Team Darwin
Team Members
- Simon Goring – University of Wisconsin
- Eric Grimm – University of Minnesota
- Michael McClennen - University of Wisconsin
- Jon Nichols – Columbia University
- Mark Uhen – George Mason University
- John Wieczorek – University of California Berkeley
- Jack Williams – University of Wisconsin
Project Goals
- Crosswalk paleobiological resources (Neotoma, SESAR) onto DarwinCore standard.
- Publish Paleobiology Database and Neotoma for integration in VertNet, iDigBio, and GBIF.
Darwin Core
- Introduction - http://rs.tdwg.org/dwc/index.htm
- Quick Reference Guide (term reference) - http://rs.tdwg.org/dwc/terms/index.htm
- Biodiversity Data Standards (TDWG) - http://www.tdwg.org/
Neotoma
- Neotoma manual - http://neotoma-manual.readthedocs.io/en/latest/
- Neotoma entity relationship diagram - http://www.neotomadb.org/uploads/NeotomaDMD.pdf
Neotoma-DWC
- Initial crosswalk table - https://docs.google.com/spreadsheets/d/1mlb_VsOSps5PS4wpCw0AtmV1mV4b5pmjlBz1q_4FLUA/edit?usp=sharing
Mobilization Workflow
This workflow shows the steps used to make data accessible in large-scale aggregators such as VertNet, iDigBio, and GBIF using the VertNet model for data mobilization.
Workflow steps
- An original data source (e.g., Paleobiology Database, Neotoma) exports relevant data to a Dropbox folder shared with VertNet.
- VertNet adapts a custom “migrator” to the original data
- The migrator uses data cleaning and lookup routines to the most complete and correct Darwin Core output feasible from the source data.
- The migrator creates data quality and change reports as well as a Darwin Core-compliant CSV file and puts them in the shared Dropbox folder for review by the original data source curators.
- Original data source curators use reports to a) improve original data at the source or b) request improvements to the controlled vocabularies and data quality routines.
- Original data source curators share improved data via Dropbox and continue the data quality improvement cycle until there is agreement that the data set is ready for publication.
- Darwin Core CSV file is uploaded into a resource (data set and organization registered with GBIF) in an instance of the Integrated Publishing Toolkit (IPT) where it is combined with resource metadata and “published” (made openly accessible via http at the registered resource location) as a Darwin Core Archive.

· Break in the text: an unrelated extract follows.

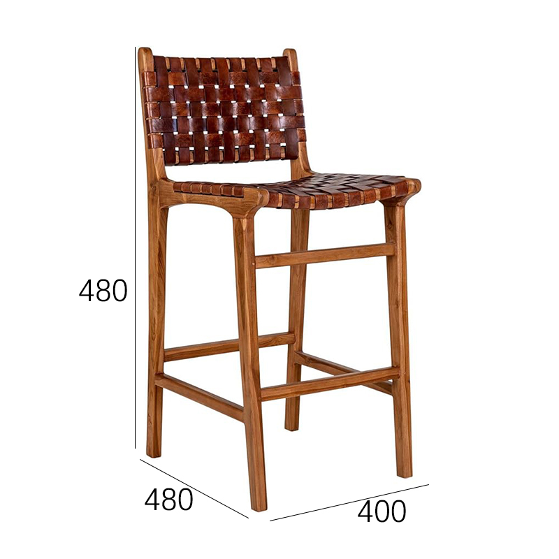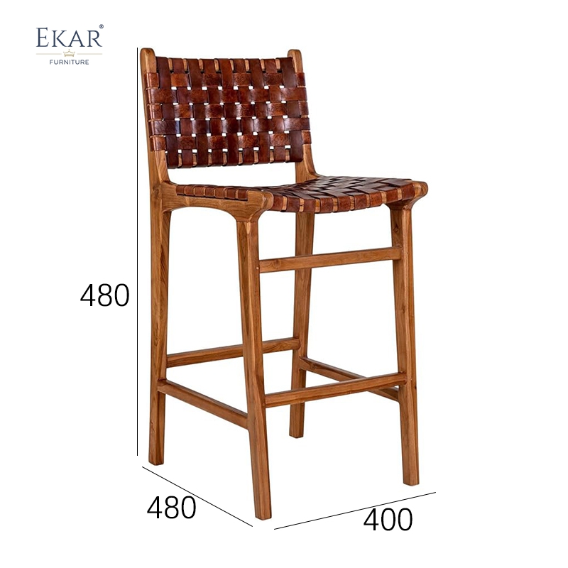 EKAR Sonoma Hand-Woven Leather Bar Stool with Solid Teak Frame

The IPT maybe be hosted by a third party (as in the case of Neotoma on the VertNet IPT, or self-hosted, as in the case of Paleobiology Database).

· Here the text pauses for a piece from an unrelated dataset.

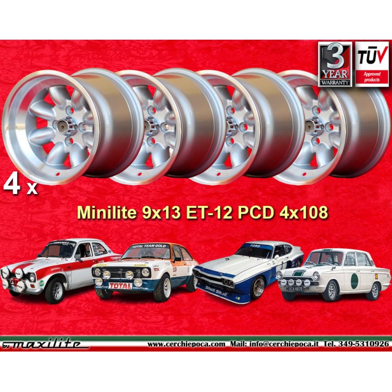 Diseno Minilite en acabado silver/diamond cut dimensiones 9x13 sistema de fijacion PCD 4x108 offset ET-12 diametro agujero central 63.4 mm llanta simple peso Kg 7.5. Fabricado por: Maxilite. Garantia 3 anos por fabricante. Certificados de homologacion: TUV. Posible devolucion y reembolso por productos no utilizados sin signos de uso, en el embalaje original, segun los terminos de la ley.

- Aggregators such as VertNet, iDigBio, and GBIF monitor IPT RSS feeds for publication events, and harvest data for inclusion or updates in their respective services.
- For VertNet, a series of steps prepare the data for inclusion in the VertNet data store as well as in periodic Taxon-based snapshots (roughly divided among Chordate classes) for archiva purposes in repositories such as CyVerse and DataONE. AmphibiaWeb harvests one of these snapshots for periodic updates to their occurrence data.
- VertNet also gathers user-provided data quality feedback and usage statistics, which it propogates as issues to anyone monitoring the data sets via their GitHub feedback repositories - one repository per IPT resource.